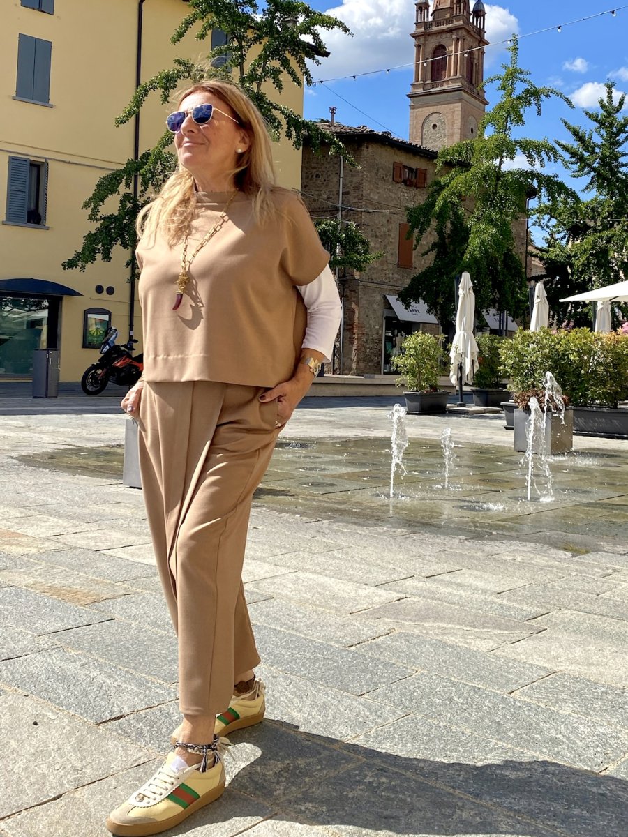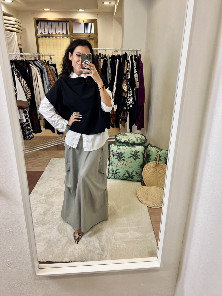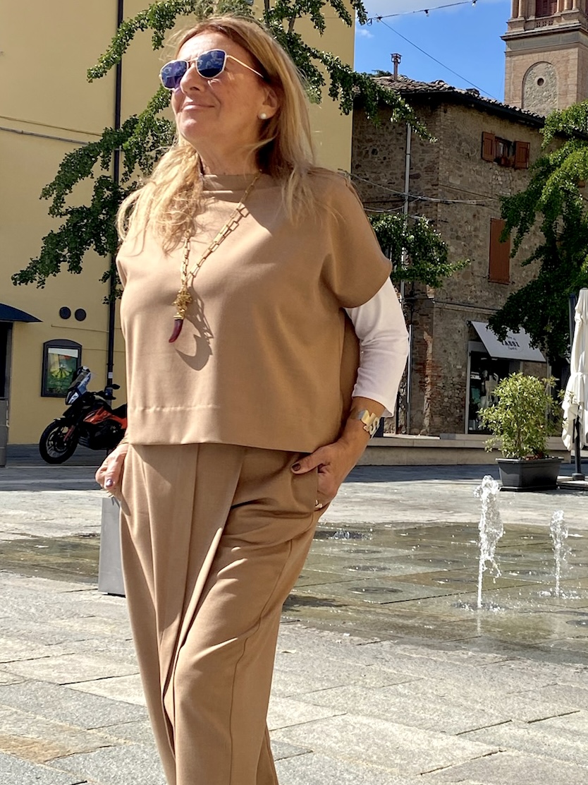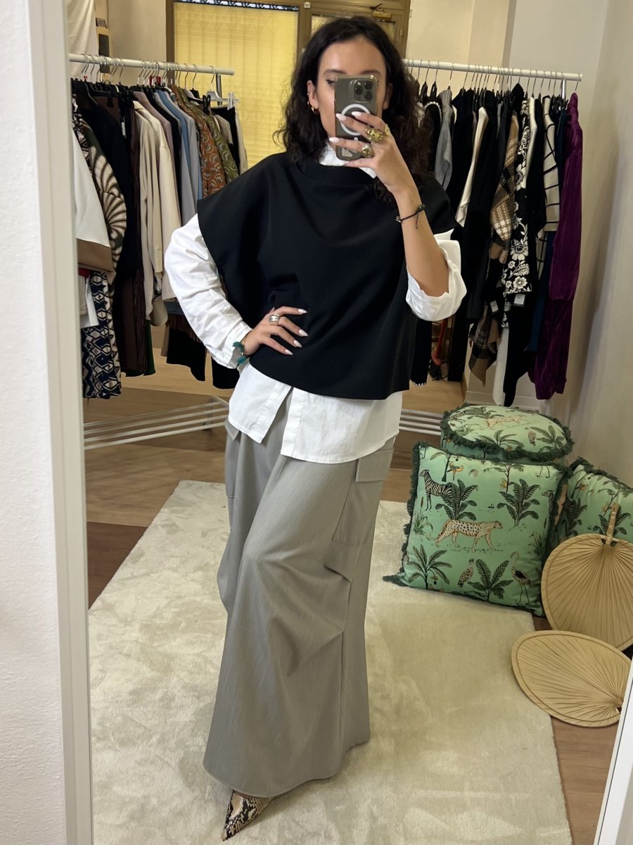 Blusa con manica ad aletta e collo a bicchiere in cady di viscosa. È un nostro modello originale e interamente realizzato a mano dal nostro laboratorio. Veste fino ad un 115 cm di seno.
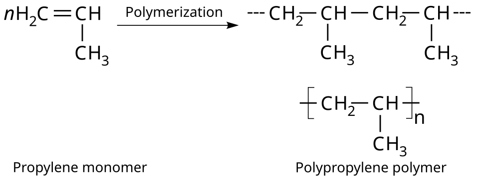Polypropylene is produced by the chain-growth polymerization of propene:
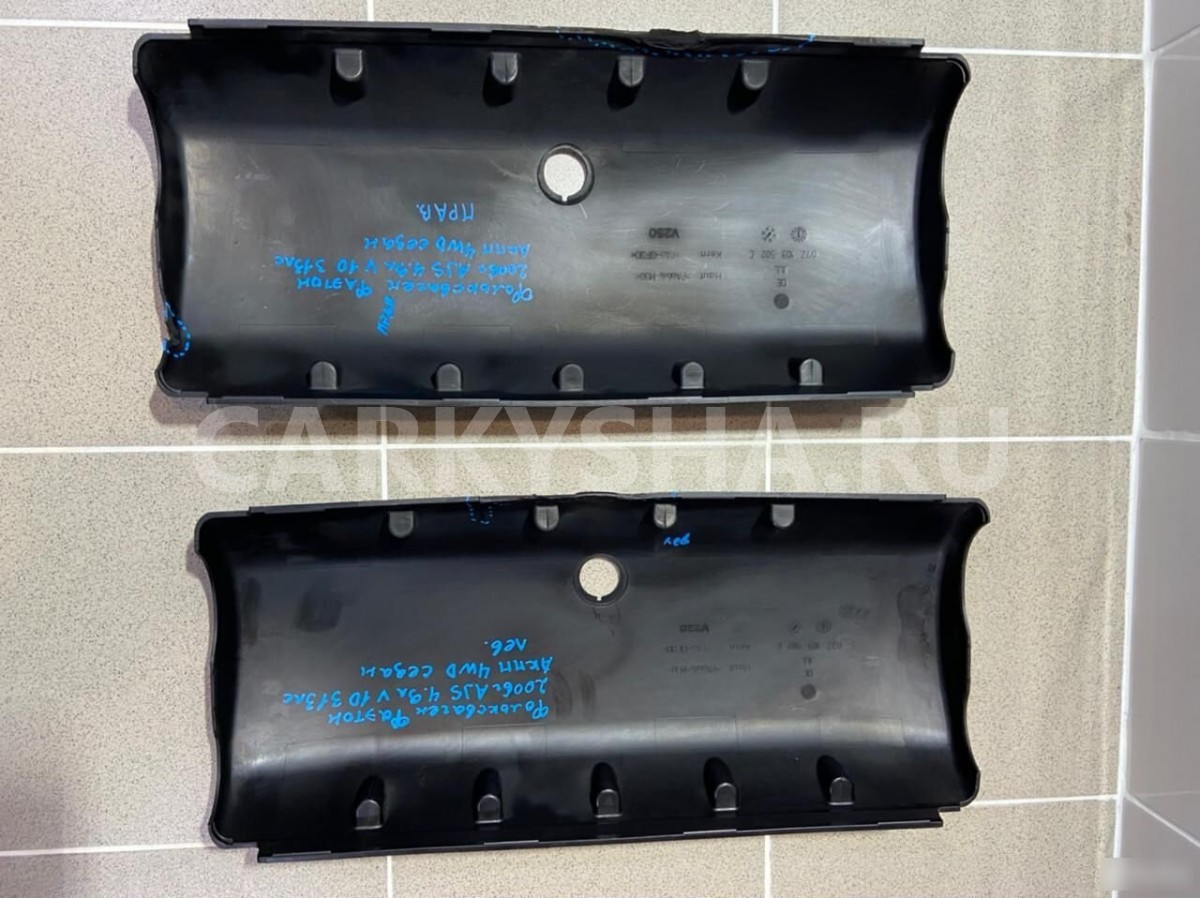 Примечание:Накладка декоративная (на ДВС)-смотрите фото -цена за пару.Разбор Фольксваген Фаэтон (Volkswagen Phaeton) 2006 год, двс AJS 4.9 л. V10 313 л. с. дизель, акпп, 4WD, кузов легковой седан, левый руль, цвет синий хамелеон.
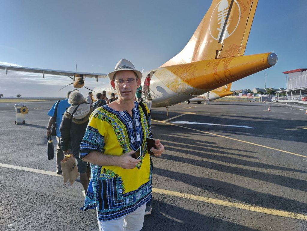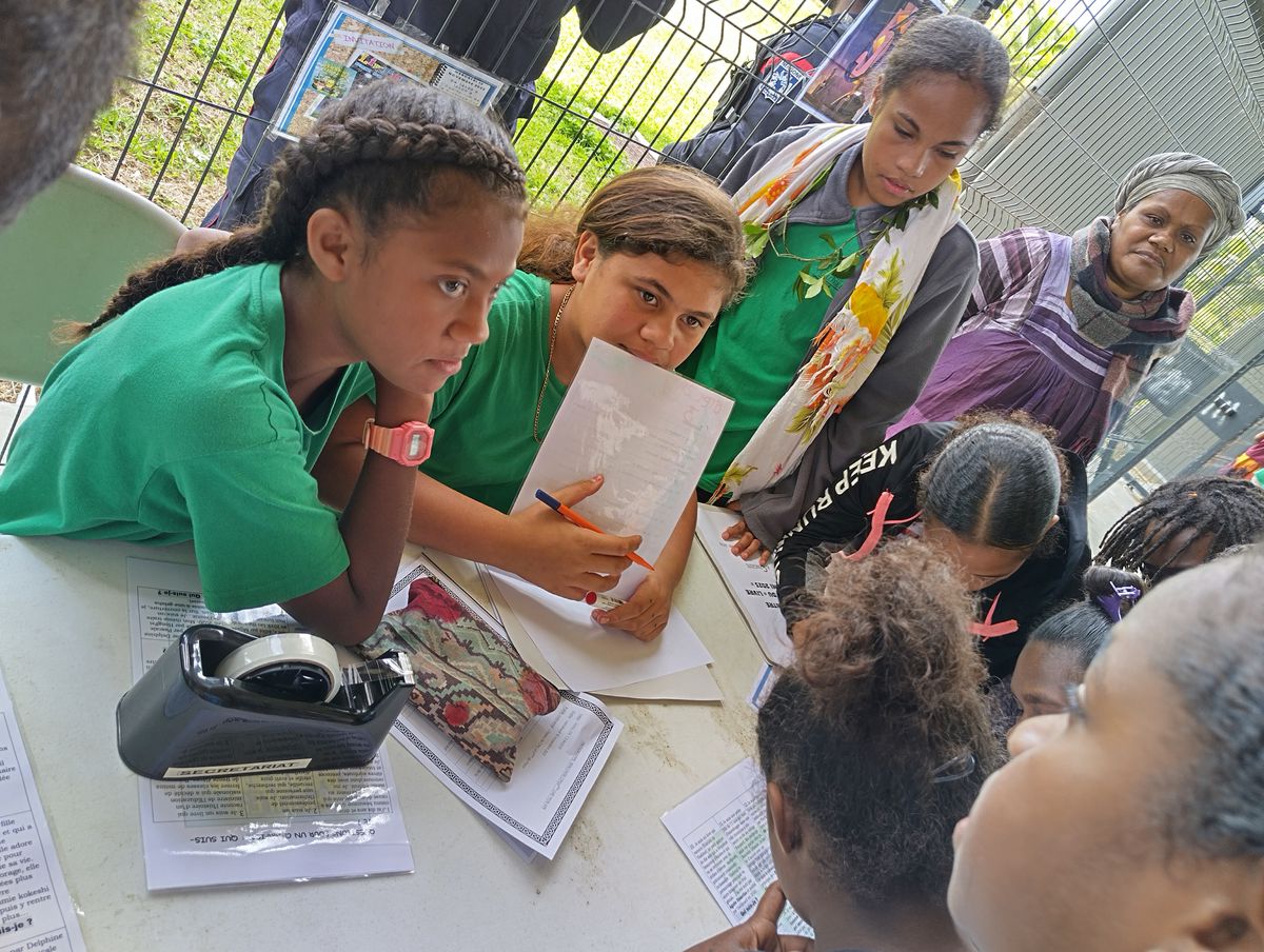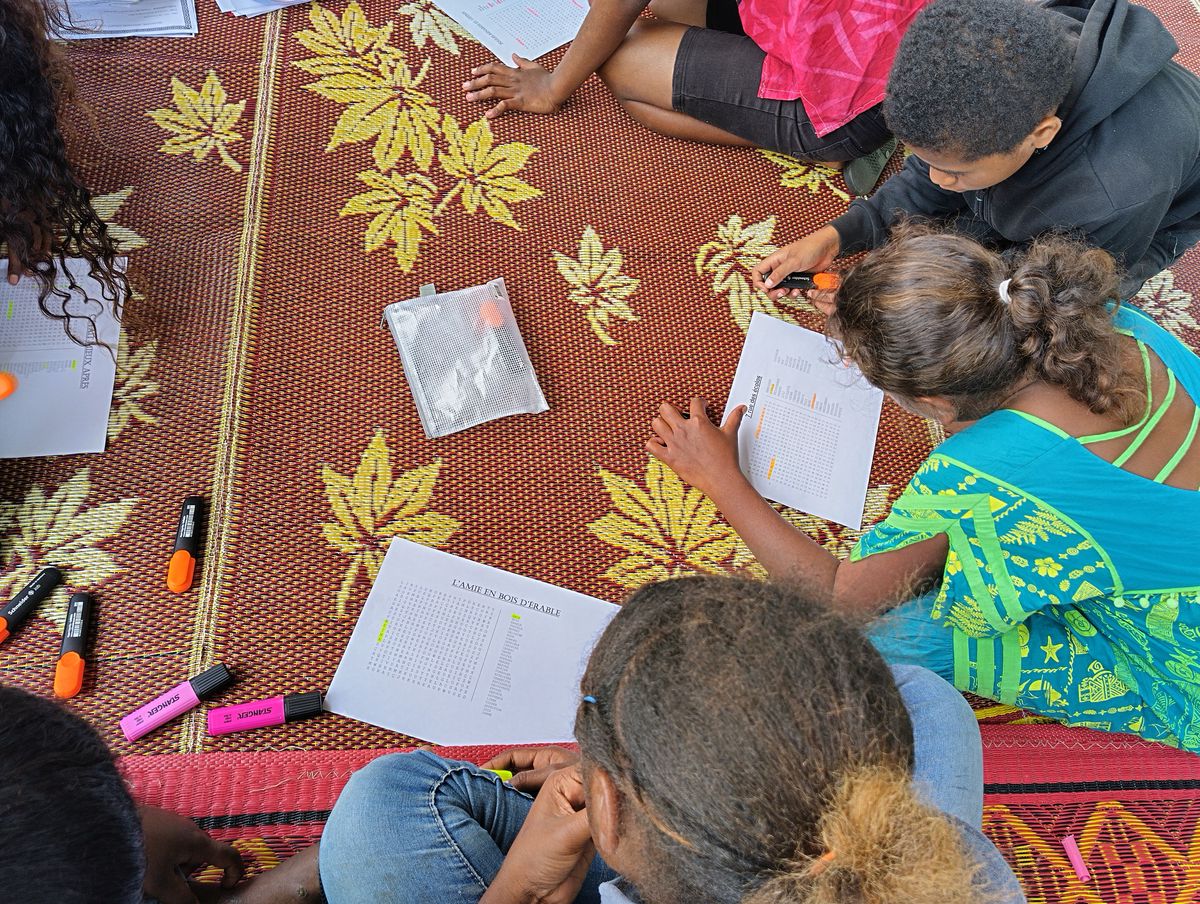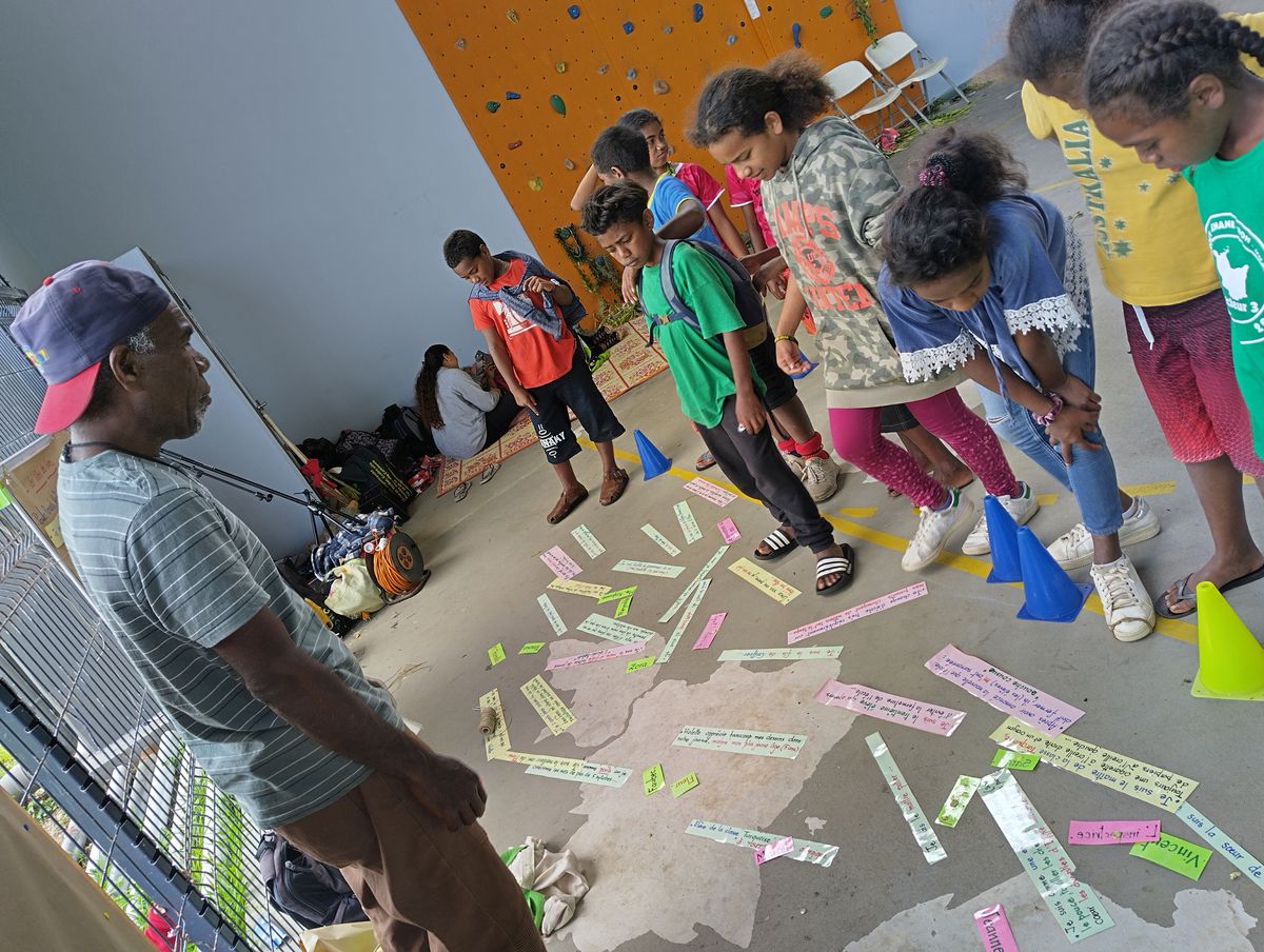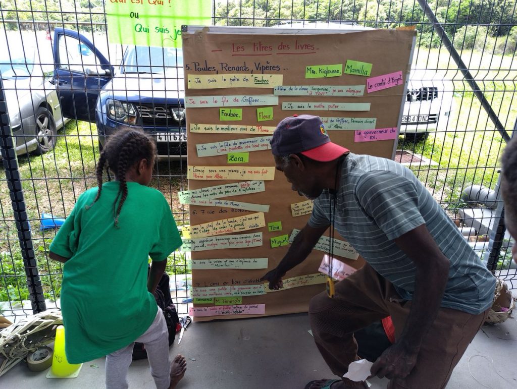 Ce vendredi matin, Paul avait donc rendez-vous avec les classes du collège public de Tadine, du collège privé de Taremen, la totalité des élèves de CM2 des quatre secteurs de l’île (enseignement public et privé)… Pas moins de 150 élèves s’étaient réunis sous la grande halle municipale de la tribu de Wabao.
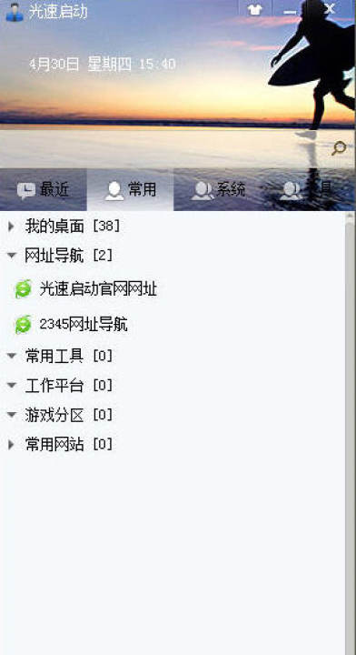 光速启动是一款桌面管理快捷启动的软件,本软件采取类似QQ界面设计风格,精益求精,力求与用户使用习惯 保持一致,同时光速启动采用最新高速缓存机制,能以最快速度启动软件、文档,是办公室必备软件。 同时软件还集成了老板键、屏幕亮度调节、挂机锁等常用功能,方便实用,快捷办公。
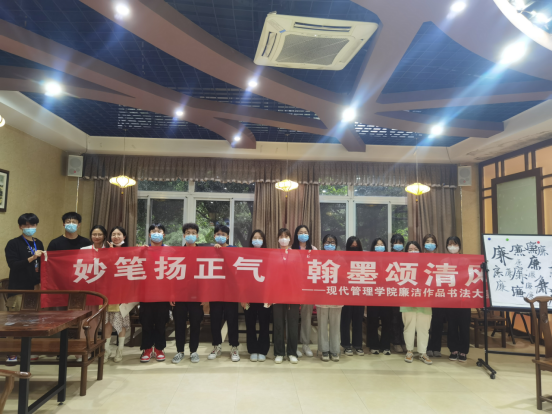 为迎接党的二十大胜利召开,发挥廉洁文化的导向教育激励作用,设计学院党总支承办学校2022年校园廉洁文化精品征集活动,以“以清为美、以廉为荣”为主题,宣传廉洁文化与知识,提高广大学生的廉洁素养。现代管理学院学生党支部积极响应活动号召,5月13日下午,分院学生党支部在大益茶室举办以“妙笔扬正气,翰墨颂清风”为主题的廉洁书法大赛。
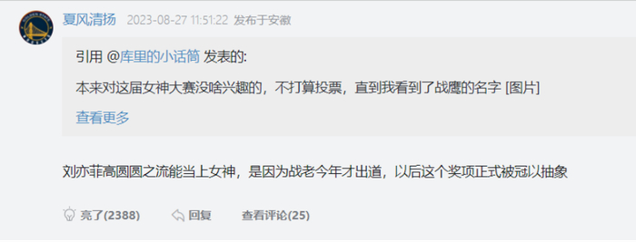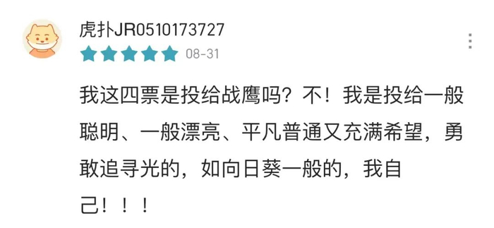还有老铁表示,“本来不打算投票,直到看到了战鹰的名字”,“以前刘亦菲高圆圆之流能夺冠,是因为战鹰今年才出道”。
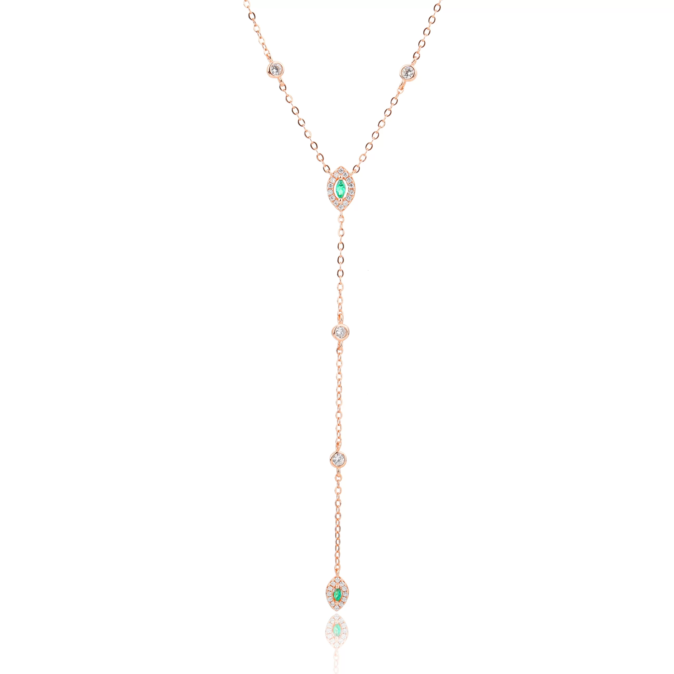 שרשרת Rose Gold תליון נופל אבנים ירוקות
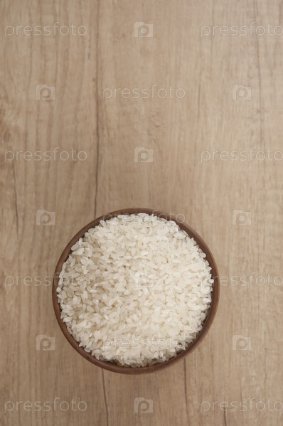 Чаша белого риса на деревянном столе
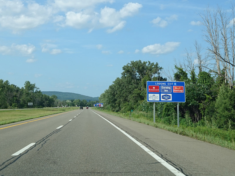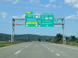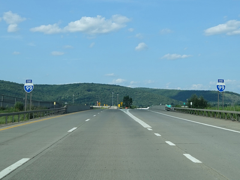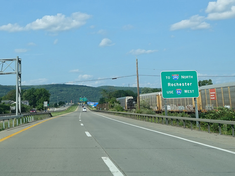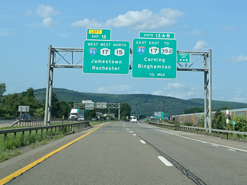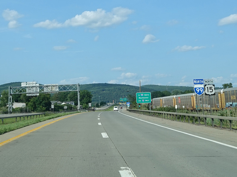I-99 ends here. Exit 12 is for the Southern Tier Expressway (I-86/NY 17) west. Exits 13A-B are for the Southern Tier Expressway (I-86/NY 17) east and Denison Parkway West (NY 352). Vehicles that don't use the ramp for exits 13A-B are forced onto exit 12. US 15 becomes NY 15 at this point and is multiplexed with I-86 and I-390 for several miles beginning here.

* **DESCRIPTION OF THE TASK**: Leaving every picture out, write out exactly the lines from the beginning of the listing above to the line with "Примечание:Накладка декоративная (на", inclusive.

* **ANSWER SPACE**:
 Blusa con manica ad aletta e collo a bicchiere in cady di viscosa. È un nostro modello originale e interamente realizzato a mano dal nostro laboratorio. Veste fino ad un 115 cm di seno.
Polypropylene is produced by the chain-growth polymerization of propene:
 Примечание:Накладка декоративная (на ДВС)-смотрите фото -цена за пару.Разбор Фольксваген Фаэтон (Volkswagen Phaeton) 2006 год, двс AJS 4.9 л. V10 313 л. с. дизель, акпп, 4WD, кузов легковой седан, левый руль, цвет синий хамелеон.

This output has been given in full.